Reply #2 on: August 05, 2019, 01:32:32 pm
I thought that the images you presented were a bit eye-searing and lo and behold, I load it into Pyxel Edit and I find that all your colors have "saturation" slammed to max.

A rule of thumb I go by is never to max out saturation when drawing my basic shapes. I start off making it a bit right-of-centre, like 60%-70% or so. I want somewhere to go if I need it, and I don't want to burn the retinas of the people looking at my art.

Lots of saturation makes things look like they're glowing, so your character looks radioactive. It's also harder to create shade as everything's emitting light!

When shading your character, pick some more obvious shade tones. You want to really see the difference between light and shade. You're putting a lot of work into this, make sure people notice it!

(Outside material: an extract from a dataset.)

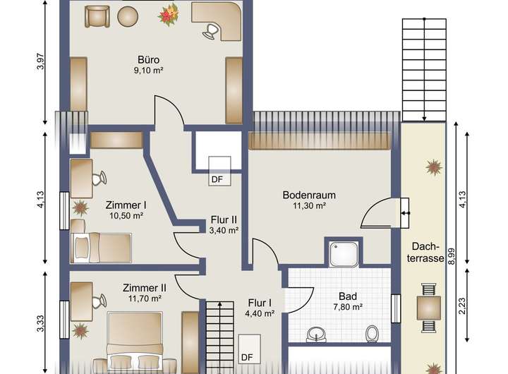 Entspannen Sie auf der großzügigen Dachterrasse über der Garage oder genießen Sie entspannte Stunden auf der überdachten Außenterrasse mit Markise – ideal ausgerichtet nach Süd/West.

Try hue shifting your shades so the darker ones are more towards a colder color like blue and the lighter ones more towards a warmer color like orange or yellow. Like with picking shade values, you can be reasonably obvious with this effect. If you try to be too subtle you won't notice it.

When it comes to shade, I tend to use it for two main purposes. Firstly, things in the background can be made darker to give the image depth. Secondly, things that are pointing away from the light or in shadow should be darker. Think about where the light is coming from and which parts of your character will be brightest and darkest.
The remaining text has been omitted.